Recherche en médecine traditionnelle
3.4.
Formation, évaluation et réglementation [à développer]
4.
CONCLUSIONS [rédaction préliminaire]
1. La médecine traditionnelle peut efficacement contribuer à améliorer l’état de santé des
populations, mais ses pratiques diverses et la recherche ont besoin, dans un bon nombre
de pays, de normes réglementaires et éthiques.
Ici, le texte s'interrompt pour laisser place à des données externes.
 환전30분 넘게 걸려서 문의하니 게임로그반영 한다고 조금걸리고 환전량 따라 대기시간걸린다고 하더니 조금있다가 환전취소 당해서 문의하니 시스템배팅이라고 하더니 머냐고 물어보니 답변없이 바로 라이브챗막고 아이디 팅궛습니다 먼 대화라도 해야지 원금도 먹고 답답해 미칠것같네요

2. Les normes éthiques qui guident la pratique traditionnelle doivent s’inspirer des principes
de la Déclaration universelle sur la bioéthique et les droits de l’homme.
- 17 -
3. Parmi ces principes se trouvent spécifiquement la dignité humaine et les droits de
l’homme, les effets bénéfiques et nocifs, l’autonomie et la responsabilité individuelle, le
consentement éclairé, la vulnérabilité humaine et l’intégrité personnelle, le respect de la
diversité culturelle et la responsabilité sociale et santé.
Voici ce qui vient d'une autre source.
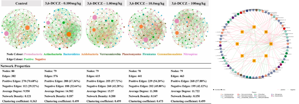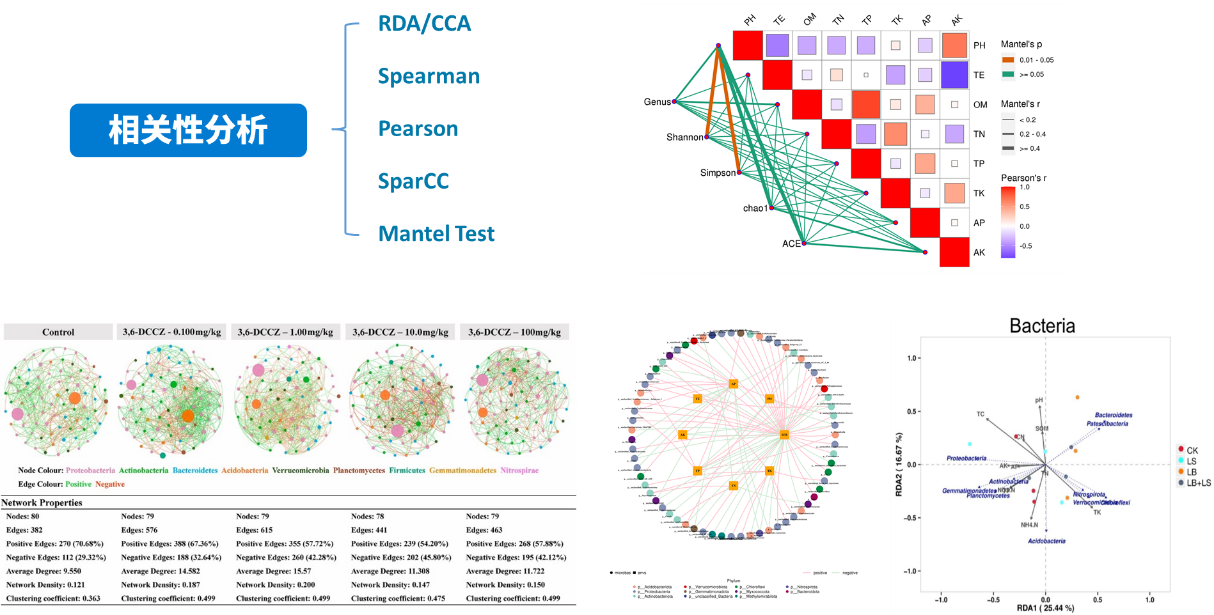 相關性網絡分析:網絡圖是相關性分析的一種表現(xiàn)形式,根據各個物種在各個樣品中的豐度以及變化情況,進行斯皮爾曼(Spearman )秩相關分析并篩選相應條件下的數據構建相關性網絡?;诰W絡圖的分析,可以獲得物種在環(huán)境樣本中的共存關系,得到物種在同一環(huán)境下的相互作用的情況及重要的模式信息,進一步解釋樣本間表型差異的形成機制。

4. La médecine traditionnelle a besoin de la démarche scientifique pour relever les défis
fixés par l’OMS (innocuité, efficacité, qualité, usage rationnel) et pour pouvoir ainsi
intégrer le système de santé des pays.
5. La participation de la médecine traditionnelle au système de soins de santé suppose
aussi de créer des passerelles entre les deux médecines (conventionnelle et
traditionnelle) : les tradipraticiens doivent être formés aux soins de santé primaires afin
de leur permettre de référer les patients au réseau de soins conventionnels, et le
médecin doit avoir des connaissances qui lui permettent de mieux comprendre la
pratique traditionnelle et de pouvoir ainsi établir une collaboration et une complémentarité
entre les deux médecines. Laisser passer une opportunité de guérison chez une
personne prise en charge par la médecine traditionnelle et dont le tableau clinique
dépasse les possibilités du tradipraticien ou, à l’inverse, ne pas recourir à la pratique
traditionnelle chez un individu pris en charge par la médecine conventionnelle qui
présente une « maladie traditionnelle » dont le traitement est lui-aussi traditionnel,, peut
dans les deux cas avoir des conséquences graves pour le patient. Et dans ces deux cas,
les principes fondamentaux de la bioéthique (effets bénéfiques et effets nocifs) sont mis
à mal.
6. L’exercice illégal de la médecine et l’usurpation du titre de médecin constituent des
problèmes qu’il ne faut pas négliger. La solution peut venir d’une incorporation de la
médecine traditionnelle aux systèmes de santé. Cela signifie, entre autre, que le
tradipraticien doit suivre une formation et que la pratique traditionnelle doit remplir les
conditions nécessaires d’innocuité, d’efficacité et de qualité.